■ GOAL OF THE EXERCISE ■
Using the records below, give again exactly the lines from the line that contains "Surrounded by towering" through the line that contains "Wheel Of Feelings", both ends included, and only those.

■ EXTRACTED ENTRIES ■
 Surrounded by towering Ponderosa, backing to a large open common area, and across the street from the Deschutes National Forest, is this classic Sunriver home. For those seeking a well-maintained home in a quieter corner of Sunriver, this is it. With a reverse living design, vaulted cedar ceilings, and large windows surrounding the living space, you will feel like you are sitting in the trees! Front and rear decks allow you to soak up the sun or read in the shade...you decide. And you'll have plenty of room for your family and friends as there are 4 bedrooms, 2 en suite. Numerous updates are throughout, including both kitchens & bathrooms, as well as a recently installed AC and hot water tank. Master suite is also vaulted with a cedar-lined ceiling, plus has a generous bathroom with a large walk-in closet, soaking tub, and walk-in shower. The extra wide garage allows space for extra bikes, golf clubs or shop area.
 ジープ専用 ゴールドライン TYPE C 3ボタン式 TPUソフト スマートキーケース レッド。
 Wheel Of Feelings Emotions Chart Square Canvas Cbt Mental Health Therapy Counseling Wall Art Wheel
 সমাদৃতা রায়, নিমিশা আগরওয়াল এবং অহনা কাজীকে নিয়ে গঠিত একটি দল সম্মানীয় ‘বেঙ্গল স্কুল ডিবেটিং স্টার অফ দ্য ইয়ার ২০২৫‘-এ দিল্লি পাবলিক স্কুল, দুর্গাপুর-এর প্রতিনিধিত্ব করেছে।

==

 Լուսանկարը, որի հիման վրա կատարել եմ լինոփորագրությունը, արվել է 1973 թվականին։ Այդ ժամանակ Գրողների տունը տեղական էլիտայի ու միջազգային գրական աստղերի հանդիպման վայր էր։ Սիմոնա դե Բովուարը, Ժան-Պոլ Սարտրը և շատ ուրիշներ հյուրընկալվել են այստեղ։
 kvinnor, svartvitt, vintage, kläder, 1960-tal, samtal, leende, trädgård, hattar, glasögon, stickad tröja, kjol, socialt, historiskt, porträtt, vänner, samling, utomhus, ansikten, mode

■ RESULT FOR THIS TASK ■
 Surrounded by towering Ponderosa, backing to a large open common area, and across the street from the Deschutes National Forest, is this classic Sunriver home. For those seeking a well-maintained home in a quieter corner of Sunriver, this is it. With a reverse living design, vaulted cedar ceilings, and large windows surrounding the living space, you will feel like you are sitting in the trees! Front and rear decks allow you to soak up the sun or read in the shade...you decide. And you'll have plenty of room for your family and friends as there are 4 bedrooms, 2 en suite. Numerous updates are throughout, including both kitchens & bathrooms, as well as a recently installed AC and hot water tank. Master suite is also vaulted with a cedar-lined ceiling, plus has a generous bathroom with a large walk-in closet, soaking tub, and walk-in shower. The extra wide garage allows space for extra bikes, golf clubs or shop area.
 ジープ専用 ゴールドライン TYPE C 3ボタン式 TPUソフト スマートキーケース レッド。
 Wheel Of Feelings Emotions Chart Square Canvas Cbt Mental Health Therapy Counseling Wall Art Wheel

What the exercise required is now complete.